The California Public Utilities Commission approved a mandatory rationing and conservation plan for more than 1,200 customers of the water company on Aug. 3.
On Friday, Aug. 4 Donner Lake Water Co. installed a new pump that resulted in enough pressure to restore water to customers who had been out of water for several days.
“We installed a pump that went online at approximately 8 p.m. Friday,” Donner Lake Water Co. president Bob Fortino said. “My engineers tell me over 100 gallons per minute were restored to the system with the new pump… and we had no outages this weekend.”
The California Department of Health Services determined that broken pipes and low pressure in Donner Lake Water Co.’s conduit system increase the risk of parasite and coliform contamination. The agency then issued a water emergency declaration and boil water notice on June 22, followed by a citation for insufficient water supply.
The citation directed the water company to take immediate and effective action to supply an adequate and dependable water supply to the system with adequate pressure at all times.
Currently there is no filtration for the drinking water obtained from Donner Lake. The water company does chlorinate the water to kill harmful parasites such as giardia and cryptosporidium.
The utilities commission also approved a moratorium on new connections as well as a full financial audit of Donner Lake Water Co.
In a letter delivered to the commission, president of the Truckee Donner Public Utilities District Ron Hemig wrote that the “Board of Directors of the Truckee Donner PUD heard from approximately 100 customers of Donner Lake Water Company regarding the severe problems they are experiencing with water quality and service. The Board was asked to consider providing water service to the Donner Lake area.”
Officials from the department of health and the utilities commission will meet with Peter Holzmeister, general manager of the Truckee Donner PUD, to discuss how the company would serve the residents of Donner Lake.

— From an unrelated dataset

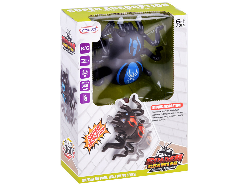 Die Spinne und die Fernbedienung werden automatisch synchronisiert. Drücken Sie einfach die Taste auf der Fernbedienung in die Position ON und dann die Taste auf dem Bauch der Spinne. Durch Verschieben des Knopfes um eine Position nach links wird das Modell abgesenkt, so dass es auf einer ebenen Fläche gesteuert werden kann. Ein weiterer Druck auf den Knopf startet den Motor, der Luft ansaugt, so dass die Spinne an der Wand "klebt"! Die Spinne kann über Wände, Glas und andere glatte Oberflächen laufen. Die Spinne bewegt sich sehr realistisch.

“I suspect… that the residents of Donner Lake feel more confident that Truckee Donner PUD will be able to solve their problems,” Holzmeister said.
The department of health services mandated that the water company provide a surface water treatment facility in 1993. Rate increases and time extensions were granted by the department of health to study the feasibility and environmental impacts of the treatment plant.

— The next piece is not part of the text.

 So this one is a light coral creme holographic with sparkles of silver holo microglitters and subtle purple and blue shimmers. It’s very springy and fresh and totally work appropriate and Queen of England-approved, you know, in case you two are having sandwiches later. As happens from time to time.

The water company applied for a $5 million State Revolving Fund loan to replace the existing conduit system, where much of the water outages are suspected to occur. The loan is slated for review by the PUC on Sept. 7.
“I think the water company is getting a handle on things,” commission Water Advisory Division Branch Chief Fred Curry said.

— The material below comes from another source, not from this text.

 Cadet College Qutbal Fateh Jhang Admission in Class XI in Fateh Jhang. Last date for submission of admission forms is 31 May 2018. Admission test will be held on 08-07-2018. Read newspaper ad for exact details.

“They are going to receive a loan on Sept. 7 and that will improve the situation… The approval of the money by the commission is the last hurdle for Donner Lake. The Department of Health Services is ready to cut them a check just as soon as they get an invoice.”
Although the money allocated for the distribution system will be enough to replace the treatment facility, opposition to the treatment site may delay construction.
The town of Truckee’s Planning Commission approved the treatment site in July. An appeal was filed by Donner Lake Village and the Town Council meeting to review the appeal, originally slated for Aug. 17, has been moved to Aug. 31.